Exercise —
Only the text of the entries below should appear in your exact transcription; leave out every picture.

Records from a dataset
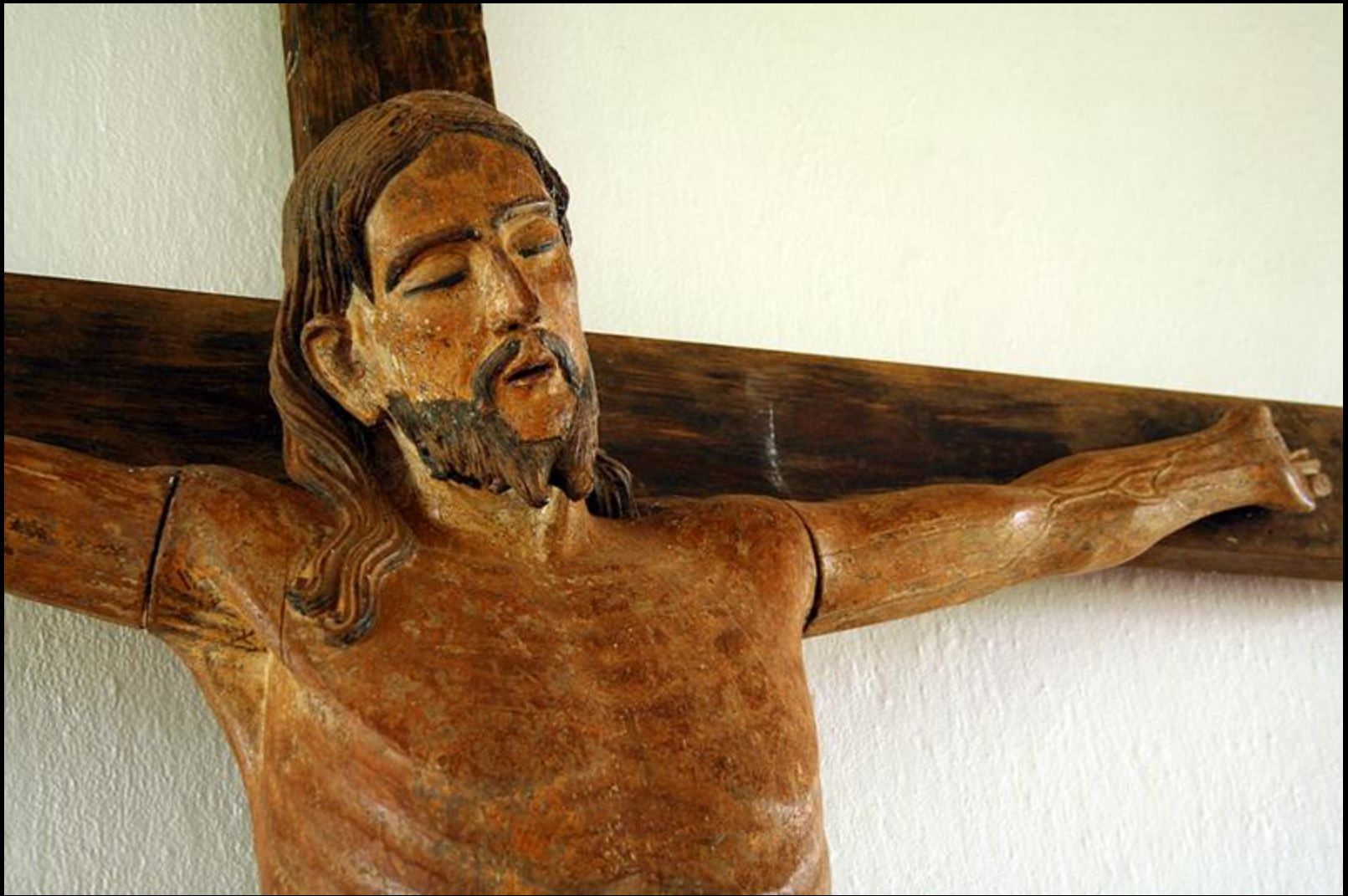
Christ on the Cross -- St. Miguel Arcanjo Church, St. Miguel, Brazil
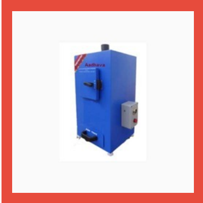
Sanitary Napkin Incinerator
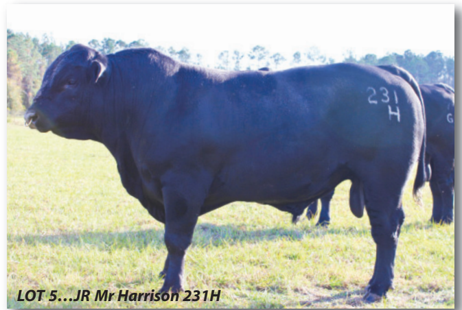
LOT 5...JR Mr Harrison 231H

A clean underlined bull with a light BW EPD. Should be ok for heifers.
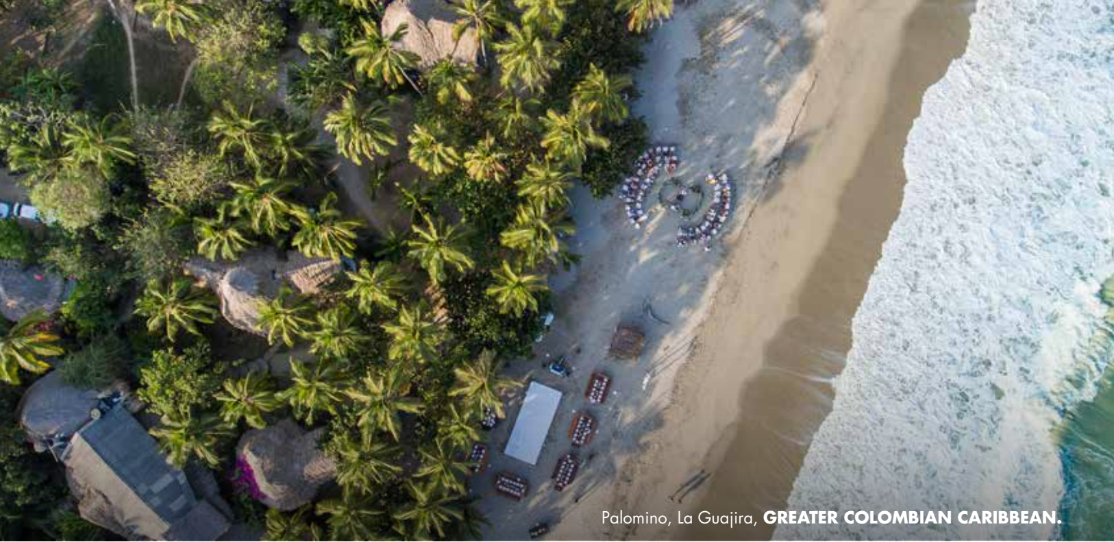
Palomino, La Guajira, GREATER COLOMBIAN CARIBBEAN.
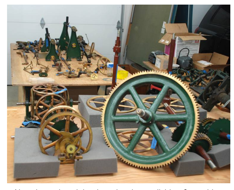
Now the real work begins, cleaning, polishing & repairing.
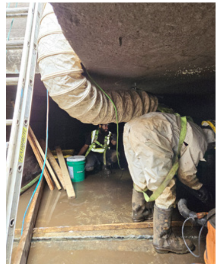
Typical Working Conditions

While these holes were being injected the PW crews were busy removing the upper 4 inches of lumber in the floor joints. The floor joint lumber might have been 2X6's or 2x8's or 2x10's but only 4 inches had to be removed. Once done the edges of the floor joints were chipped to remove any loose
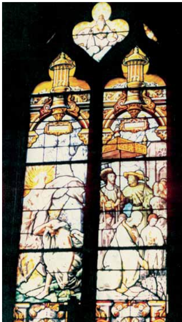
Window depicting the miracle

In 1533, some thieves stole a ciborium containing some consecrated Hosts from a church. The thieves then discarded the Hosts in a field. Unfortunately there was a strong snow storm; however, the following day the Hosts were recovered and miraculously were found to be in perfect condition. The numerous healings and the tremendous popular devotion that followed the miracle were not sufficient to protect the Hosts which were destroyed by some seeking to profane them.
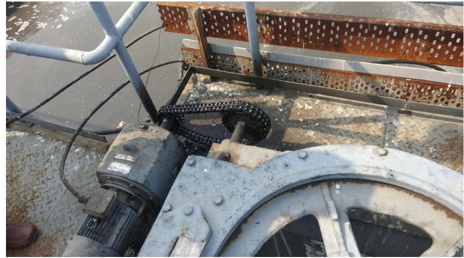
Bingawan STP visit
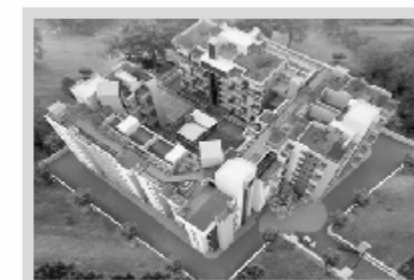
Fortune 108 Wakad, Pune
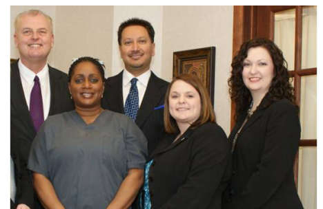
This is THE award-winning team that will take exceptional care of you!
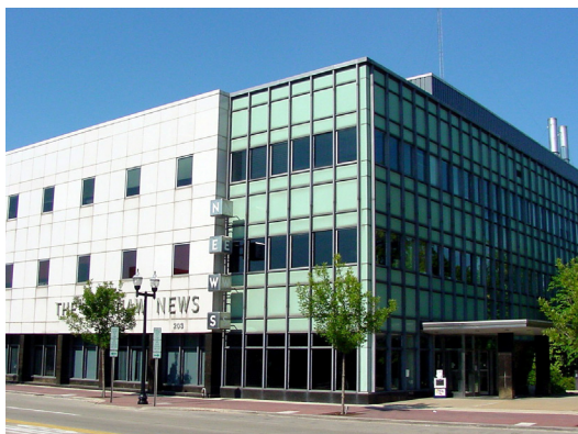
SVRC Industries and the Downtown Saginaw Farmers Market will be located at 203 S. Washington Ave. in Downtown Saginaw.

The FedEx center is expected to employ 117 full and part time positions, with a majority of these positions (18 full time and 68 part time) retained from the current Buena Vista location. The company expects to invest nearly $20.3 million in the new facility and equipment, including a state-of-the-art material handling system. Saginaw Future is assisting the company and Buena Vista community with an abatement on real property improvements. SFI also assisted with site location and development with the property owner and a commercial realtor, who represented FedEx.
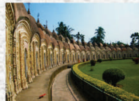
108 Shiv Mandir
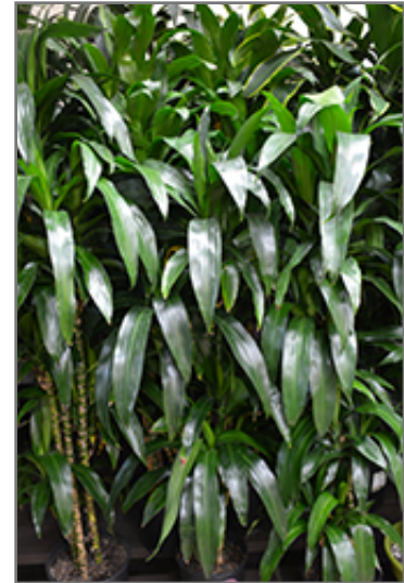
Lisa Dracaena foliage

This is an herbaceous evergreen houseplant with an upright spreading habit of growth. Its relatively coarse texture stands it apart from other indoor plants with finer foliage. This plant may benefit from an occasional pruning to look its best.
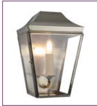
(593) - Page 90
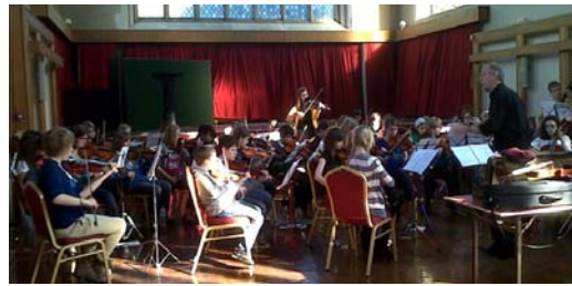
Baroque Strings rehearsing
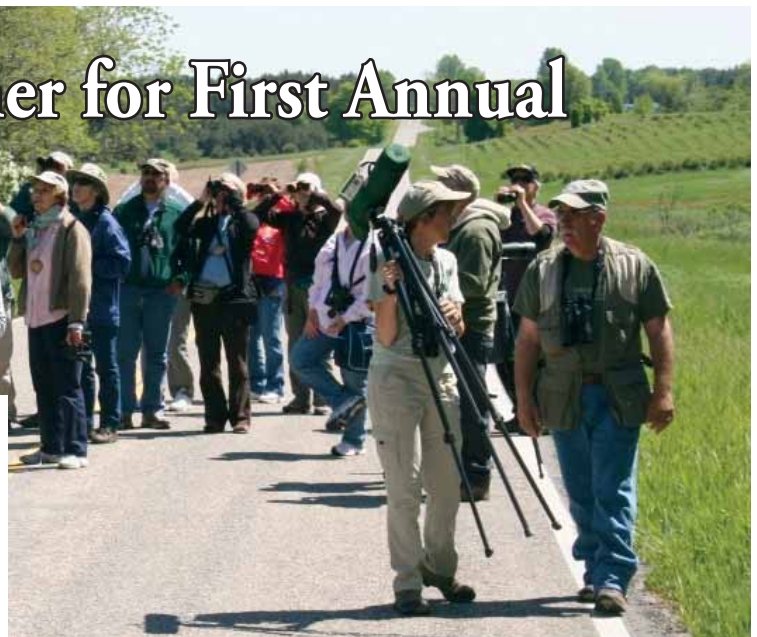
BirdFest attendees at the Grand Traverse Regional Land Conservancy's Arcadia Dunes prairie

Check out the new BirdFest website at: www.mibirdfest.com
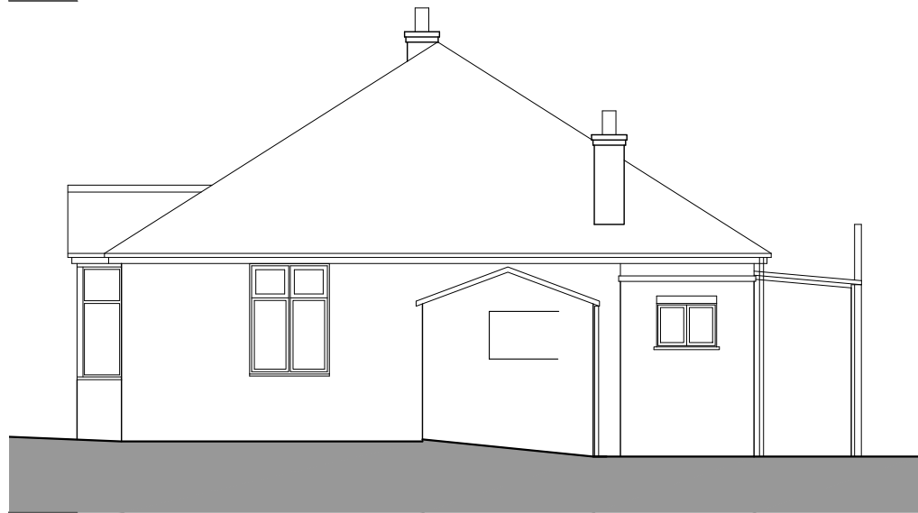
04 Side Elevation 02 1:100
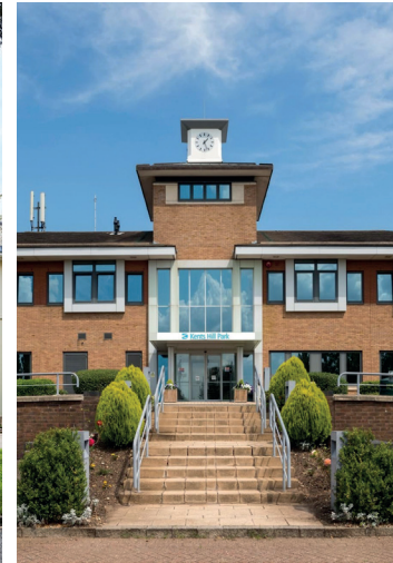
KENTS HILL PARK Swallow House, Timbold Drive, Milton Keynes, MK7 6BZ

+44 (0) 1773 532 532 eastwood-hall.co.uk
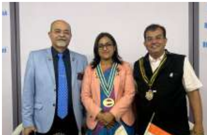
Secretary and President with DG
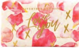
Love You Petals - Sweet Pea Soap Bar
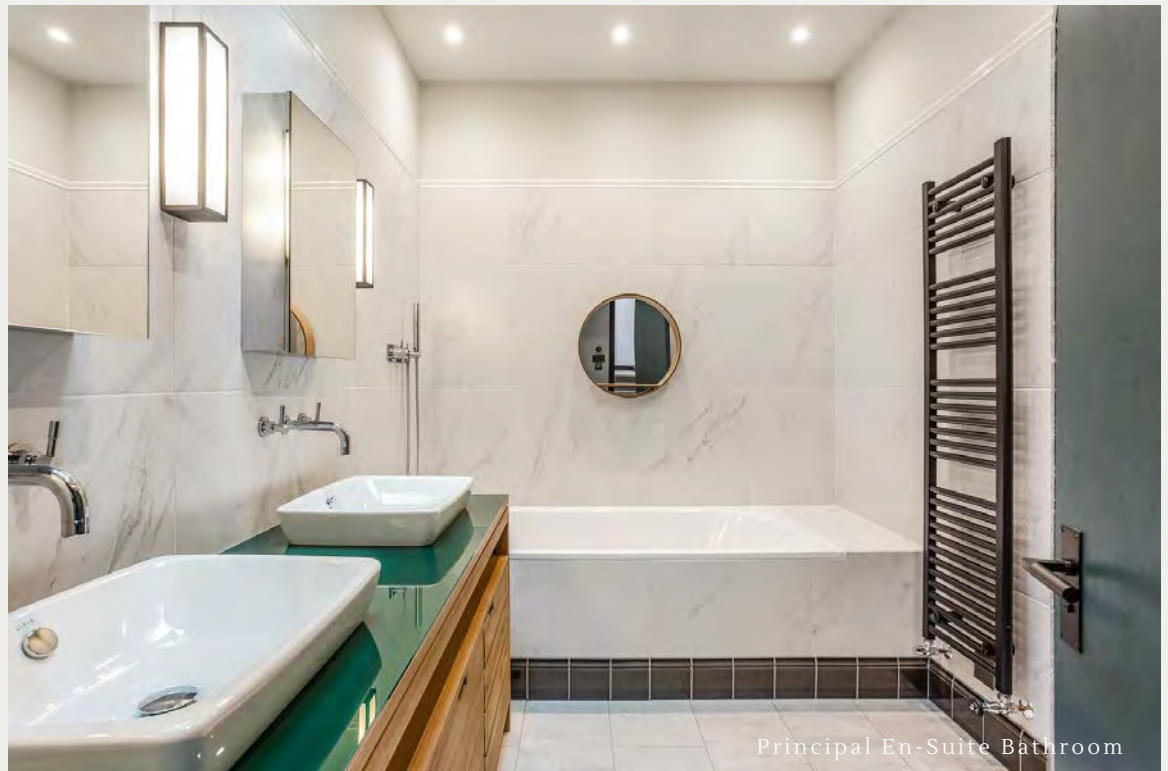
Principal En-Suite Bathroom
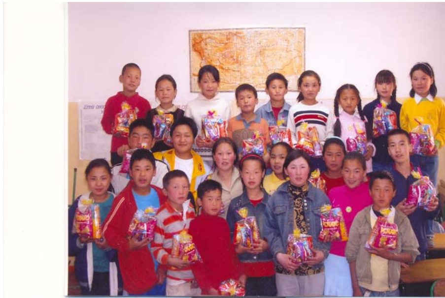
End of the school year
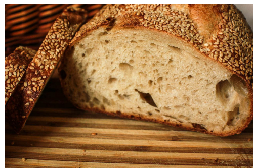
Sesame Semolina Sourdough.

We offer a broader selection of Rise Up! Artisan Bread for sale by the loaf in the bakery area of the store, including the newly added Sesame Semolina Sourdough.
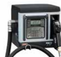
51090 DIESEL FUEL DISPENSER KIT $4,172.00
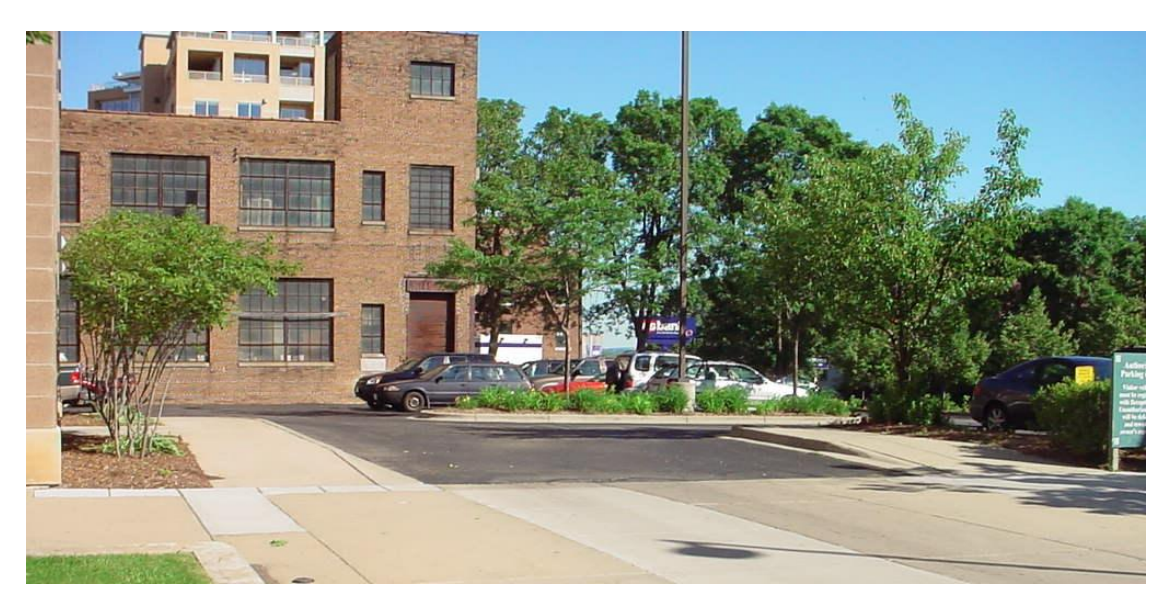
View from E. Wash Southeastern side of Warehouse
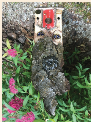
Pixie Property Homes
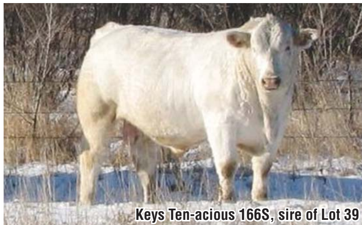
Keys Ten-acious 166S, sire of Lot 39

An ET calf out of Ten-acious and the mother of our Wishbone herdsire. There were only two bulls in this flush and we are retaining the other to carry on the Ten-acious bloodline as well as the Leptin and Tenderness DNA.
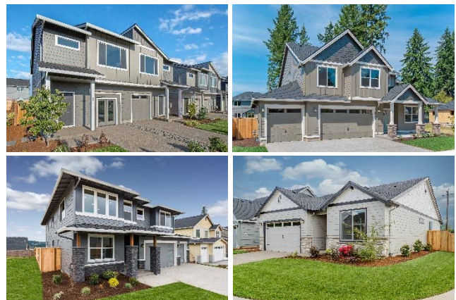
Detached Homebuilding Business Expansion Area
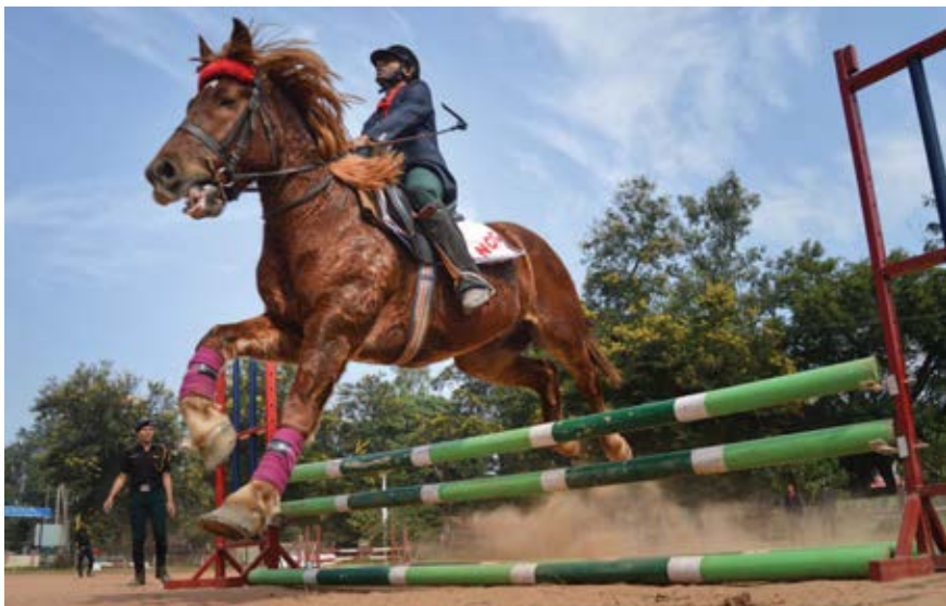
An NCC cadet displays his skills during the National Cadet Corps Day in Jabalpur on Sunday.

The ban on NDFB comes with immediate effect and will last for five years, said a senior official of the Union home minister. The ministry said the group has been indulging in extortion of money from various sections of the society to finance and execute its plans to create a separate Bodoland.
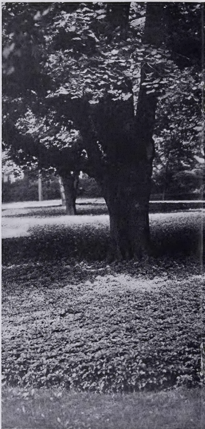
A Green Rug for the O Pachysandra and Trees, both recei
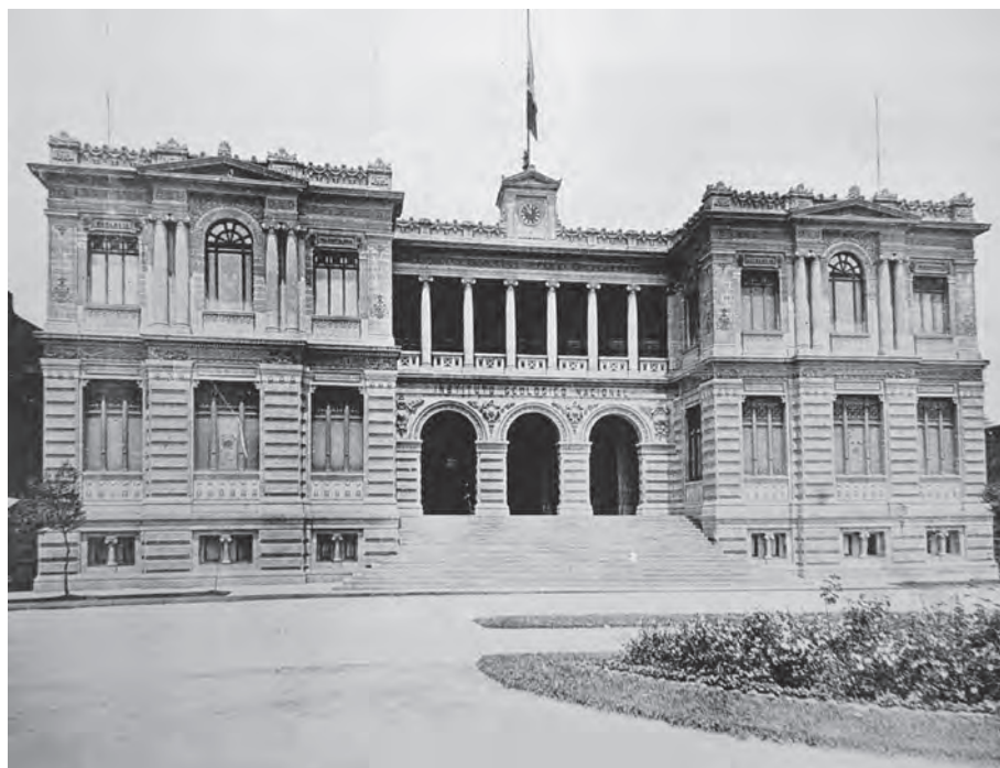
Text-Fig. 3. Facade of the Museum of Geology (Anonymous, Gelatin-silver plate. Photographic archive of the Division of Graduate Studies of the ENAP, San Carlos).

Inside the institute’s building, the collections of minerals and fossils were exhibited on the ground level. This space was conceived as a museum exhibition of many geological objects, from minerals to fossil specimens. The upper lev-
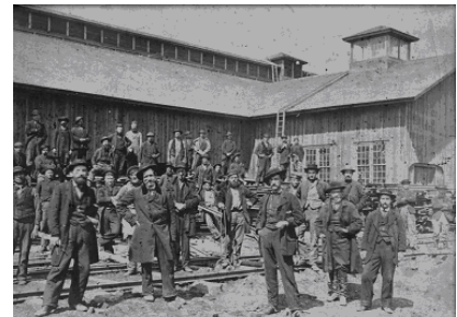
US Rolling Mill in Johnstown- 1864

Answer to this exercise —
Christ on the Cross -- St. Miguel Arcanjo Church, St. Miguel, Brazil
Sanitary Napkin Incinerator
LOT 5...JR Mr Harrison 231H

A clean underlined bull with a light BW EPD. Should be ok for heifers.
Palomino, La Guajira, GREATER COLOMBIAN CARIBBEAN.
Now the real work begins, cleaning, polishing & repairing.
Typical Working Conditions

While these holes were being injected the PW crews were busy removing the upper 4 inches of lumber in the floor joints. The floor joint lumber might have been 2X6's or 2x8's or 2x10's but only 4 inches had to be removed. Once done the edges of the floor joints were chipped to remove any loose
Window depicting the miracle

In 1533, some thieves stole a ciborium containing some consecrated Hosts from a church. The thieves then discarded the Hosts in a field. Unfortunately there was a strong snow storm; however, the following day the Hosts were recovered and miraculously were found to be in perfect condition. The numerous healings and the tremendous popular devotion that followed the miracle were not sufficient to protect the Hosts which were destroyed by some seeking to profane them.
Bingawan STP visit
Fortune 108 Wakad, Pune
This is THE award-winning team that will take exceptional care of you!
SVRC Industries and the Downtown Saginaw Farmers Market will be located at 203 S. Washington Ave. in Downtown Saginaw.

The FedEx center is expected to employ 117 full and part time positions, with a majority of these positions (18 full time and 68 part time) retained from the current Buena Vista location. The company expects to invest nearly $20.3 million in the new facility and equipment, including a state-of-the-art material handling system. Saginaw Future is assisting the company and Buena Vista community with an abatement on real property improvements. SFI also assisted with site location and development with the property owner and a commercial realtor, who represented FedEx.
108 Shiv Mandir
Lisa Dracaena foliage

This is an herbaceous evergreen houseplant with an upright spreading habit of growth. Its relatively coarse texture stands it apart from other indoor plants with finer foliage. This plant may benefit from an occasional pruning to look its best.
(593) - Page 90
Baroque Strings rehearsing
BirdFest attendees at the Grand Traverse Regional Land Conservancy's Arcadia Dunes prairie

Check out the new BirdFest website at: www.mibirdfest.com
04 Side Elevation 02 1:100
KENTS HILL PARK Swallow House, Timbold Drive, Milton Keynes, MK7 6BZ

+44 (0) 1773 532 532 eastwood-hall.co.uk
Secretary and President with DG
Love You Petals - Sweet Pea Soap Bar
Principal En-Suite Bathroom
End of the school year
Sesame Semolina Sourdough.

We offer a broader selection of Rise Up! Artisan Bread for sale by the loaf in the bakery area of the store, including the newly added Sesame Semolina Sourdough.
51090 DIESEL FUEL DISPENSER KIT $4,172.00
View from E. Wash Southeastern side of Warehouse
Pixie Property Homes
Keys Ten-acious 166S, sire of Lot 39

An ET calf out of Ten-acious and the mother of our Wishbone herdsire. There were only two bulls in this flush and we are retaining the other to carry on the Ten-acious bloodline as well as the Leptin and Tenderness DNA.
Detached Homebuilding Business Expansion Area
An NCC cadet displays his skills during the National Cadet Corps Day in Jabalpur on Sunday.

The ban on NDFB comes with immediate effect and will last for five years, said a senior official of the Union home minister. The ministry said the group has been indulging in extortion of money from various sections of the society to finance and execute its plans to create a separate Bodoland.
A Green Rug for the O Pachysandra and Trees, both recei
Text-Fig. 3. Facade of the Museum of Geology (Anonymous, Gelatin-silver plate. Photographic archive of the Division of Graduate Studies of the ENAP, San Carlos).

Inside the institute’s building, the collections of minerals and fossils were exhibited on the ground level. This space was conceived as a museum exhibition of many geological objects, from minerals to fossil specimens. The upper lev-
US Rolling Mill in Johnstown- 1864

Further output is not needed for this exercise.